Just like you and I, our children get stuck in emotional situations.
My eight-year-old son recently found himself stuck during his weekly extra-curricular swimming class. I first noticed the problem when he jumped out of the pool mid-class and ran over to me in tears. Apparently, he was sad and embarrassed for having come in last place during the warm-ups.
I did my best to encourage him to get back in the water and remind him there was really no competition to get upset about. He was making a mountain out of a molehill. When the same issue came up two more times in a row, I knew this was something I had to focus on and deal with. I wasn’t quite sure what to do or where to turn. Why was he getting so upset over this? It was just a class!
A week later, on the car ride over to the pool, as I anticipated this issue arising again, it hit me.
Just like my son, I get stuck on things. Of course, the situations I get stuck on are different from his, but the idea of getting stuck is one and the same whether you’re an adult or a child. My kids and I have a method we use to get unstuck, but the truth of the matter is, getting unstuck is not enough.
Preparing oneself to anticipate the possibility of getting stuck in the first place (especially with recurring triggers that exist in our lives) can not only help us get out of a sticky place, it can also help us prevent an unfortunate event from erupting.
Personally, I arm myself with “considerations” or fresh alternatives to the stuck situations in my life, such as gratitude, giving the other person the benefit of the doubt, and realizing that people who trigger me are not necessarily out to purposefully hurt me.
So, I thought, why not teach my child to arm himself with considerations just like I do? Why not come up with a list of fresh perspectives or alternatives that he can fall upon before he goes into the pool, rather than try to encourage my son to think rationally when he’s treading water in an emotional pool of tears?
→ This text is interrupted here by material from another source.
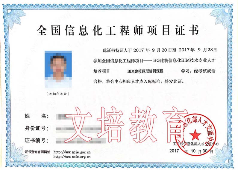 西安2018年BIM建模经理招生中、不受户籍、年龄限制 BIM相关证书: BIM建模师、BIM建模经理、BIM技术模型应用经理、BIM项目管理师、BIM战略规划师、BIM技术总监、BIM技术造价管理、BIM工程师(装饰)、BIM工程师(电力)、BIM建模技术、BIM项目管理、BIM战略规划等。 报名对象: 凡建筑工程、工程经济、造价管理类、建筑结构、土木工程、计算机应用等有关专业的在校大学生,或在建筑业从事规划设计、施工管理、评价咨询、建筑材料、检测监测、方案设计、运营维护等工程技术与管理工作的人员。 报名资料: 2寸白底照片、身份证正反面、毕业证电子版各1份;报名表电子版1份;工作证明打印扫描件1份。 为了全面普及建筑信息技术在建设行业广泛应用,推动我国建筑业可持续健康发展,充分发挥BIM技术的优势,实现工业化和信息化两化融合,提升BIM技术在国际竞争力,为国家一带一路发展战略夯实现代建筑信息技术基础。经组织行业专家调研论证,结合我国建筑业发展现状,启动BG建筑信息化BIM技术专业人才培养项目(以下简称本项目),于2017年7月申请将此项目纳入全国信息化工程师项目。 为提升从业人员的学习能力、操作能力、创新能力,本项目采取产教融合、理论实践结合、线上线下相结合的模式,在课程设置、培训模式、教学管理、人才发展等方面具有较强的系统性和实践性。本项目采取线上或线下培训和结业考核相结合的模式,对于参加本项目课程体系学习并考核合格的学员即可获得工业和信息化部人才交流中心印制并颁发的“全国信息化工程师项目证书”。证书持有者将被纳入中心信息化人才数据库。 参加培训学习的学员经结业考核合格后,由工业和信息化部人才交流中心颁发BIM建模师课程《全国信息化工程师证书--BIM建模经理》,证书持有者将被纳入中心信息化人才库。 联系人:曾老师 联系方式:15889380823-微信同号 报名地址: 深圳市宝安区石岩街道龙腾社区光辉路10号宏宇大厦413室 深圳市龙岗区平湖街道新木南路321号花半里欣悦广场B栋1315室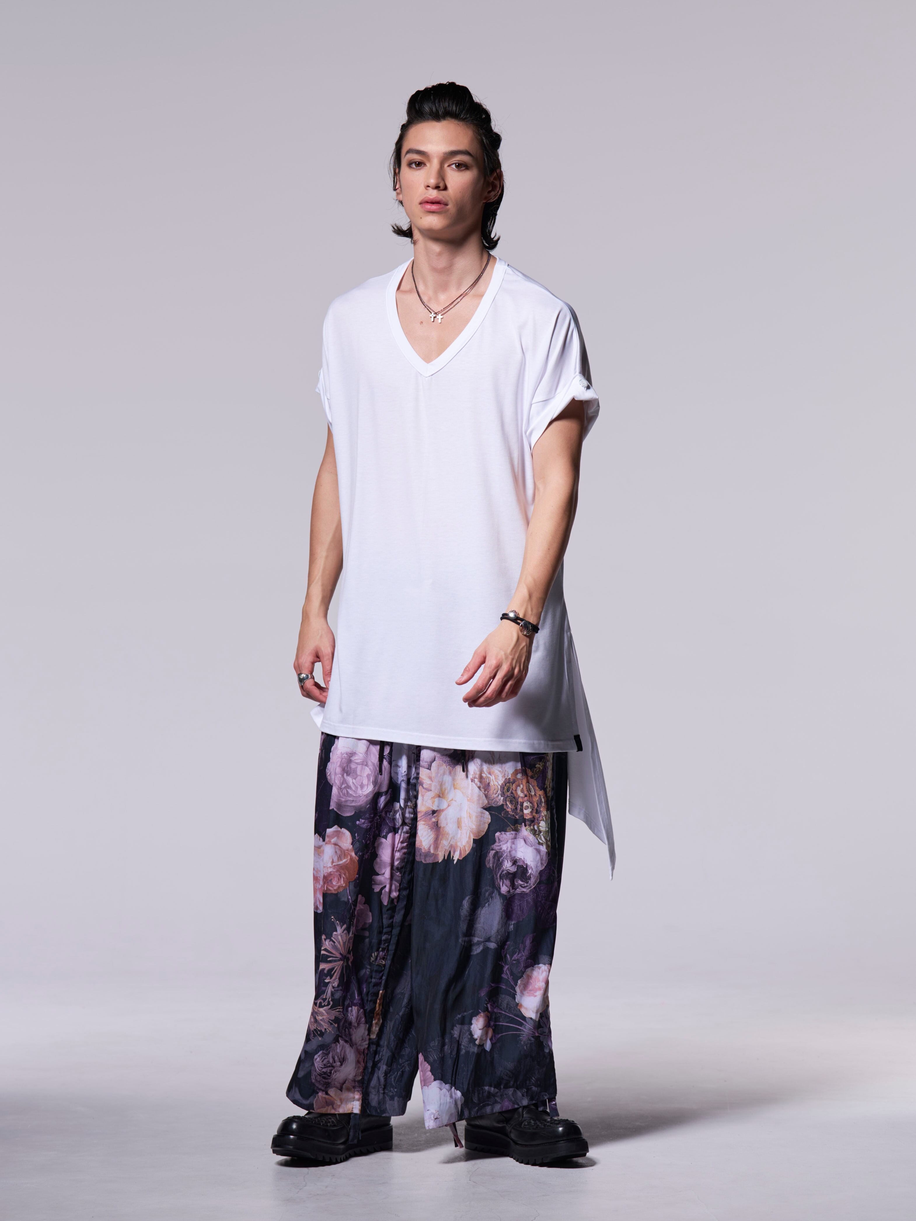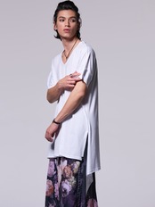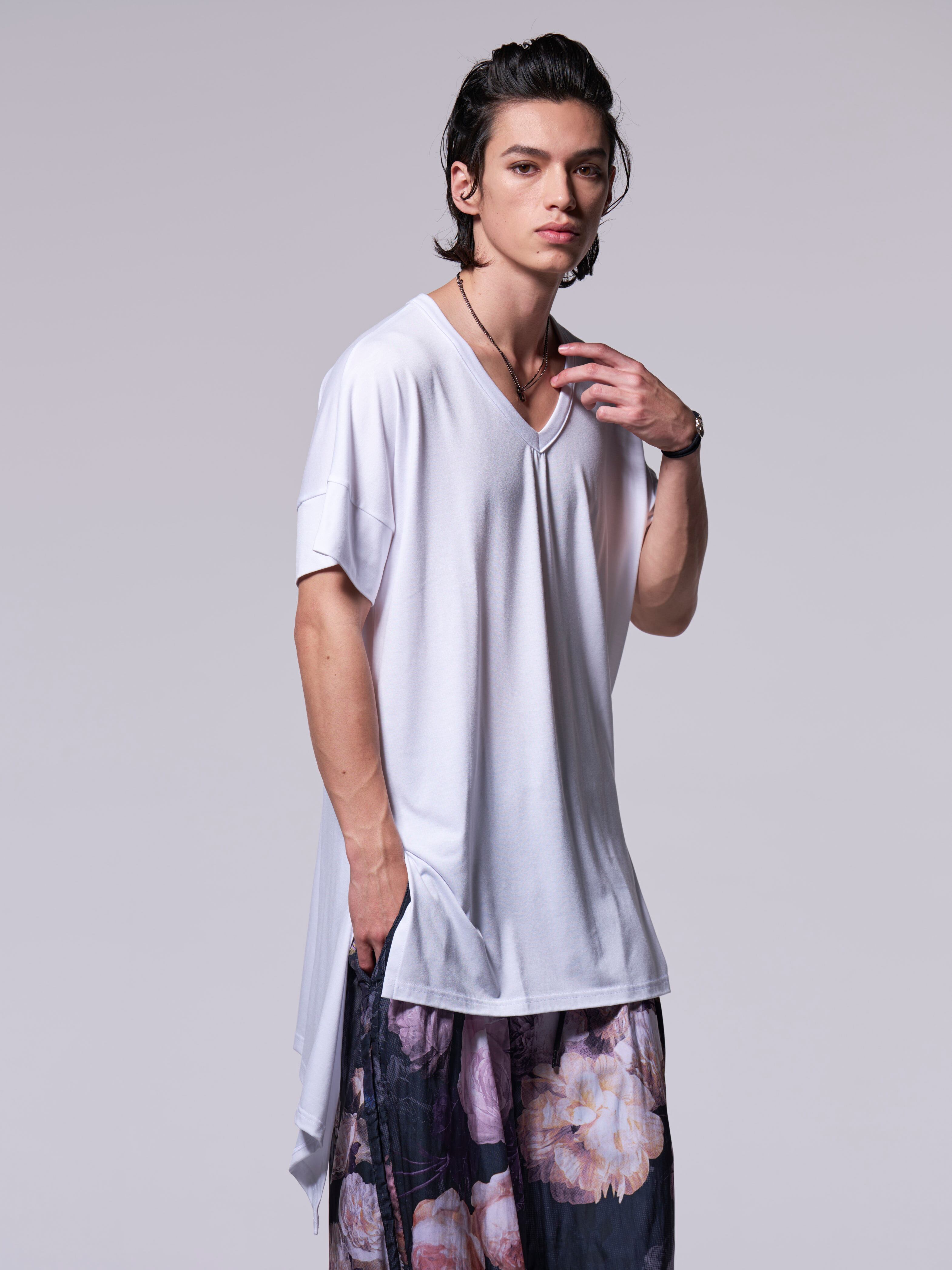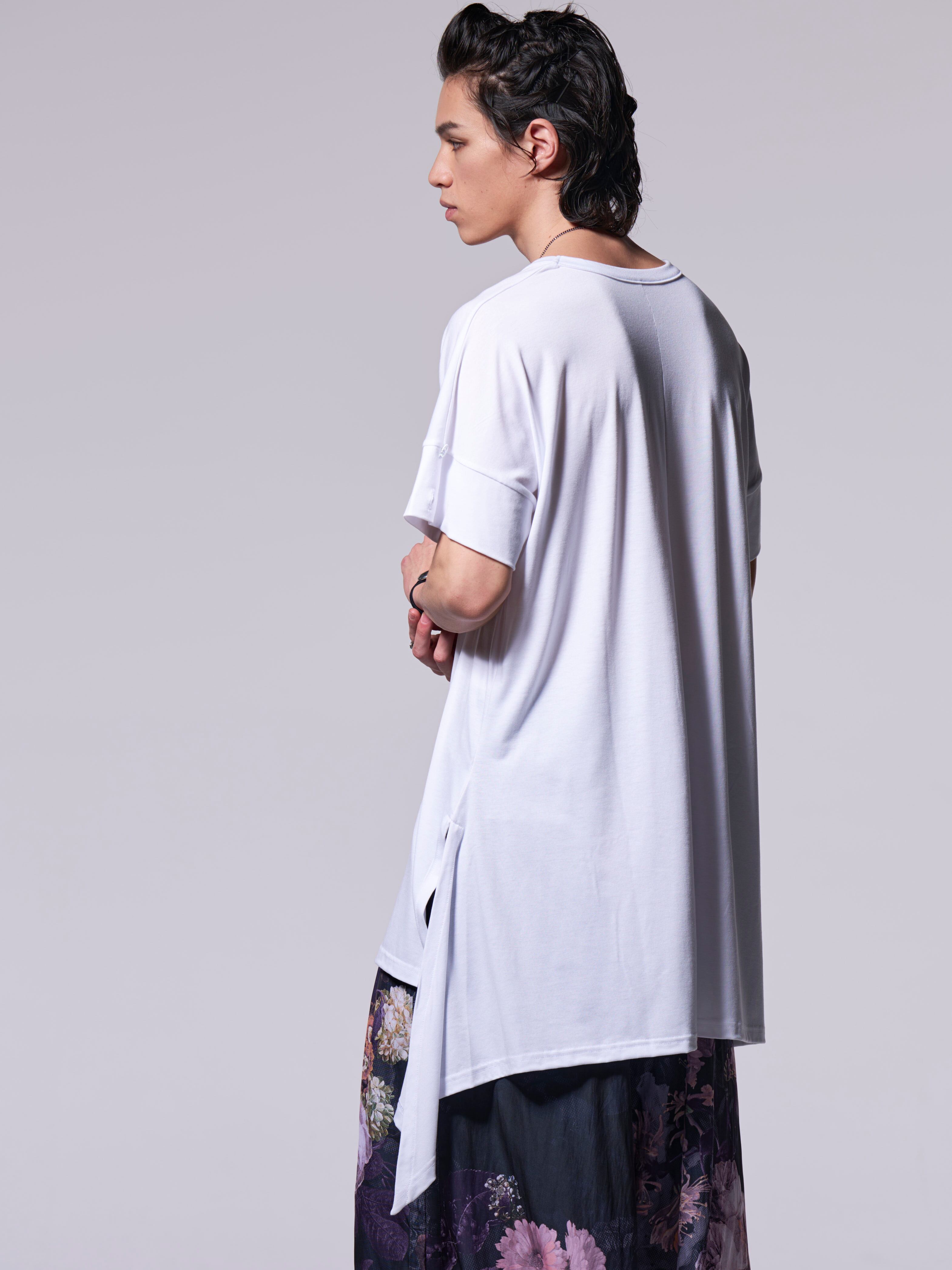 袖口の釦で雰囲気出し。ゆったり分量のフレアスリットTシャツ。

Quite familiar with getting unstuck, he was open to the idea. With a little help from me, this is the list we came up with:
- I can consider I’m new to this swimming class and most, if not all of the other kids, have been swimming for years.
- I can consider I don’t always come in last. Sometimes, yes, but not always.
- I can consider there’s not really a problem with coming in last. It doesn’t feel great, but there’s not really a problem with it.
- I can consider the coach purposefully placed me in the stronger group of the two groups because I am one of the stronger swimmers. So, even if I am last sometimes, I’m still stronger than the kids in the other group.
- I can consider I’m here to learn how to be a better swimmer, and I can compete against myself, rather than compare myself to others.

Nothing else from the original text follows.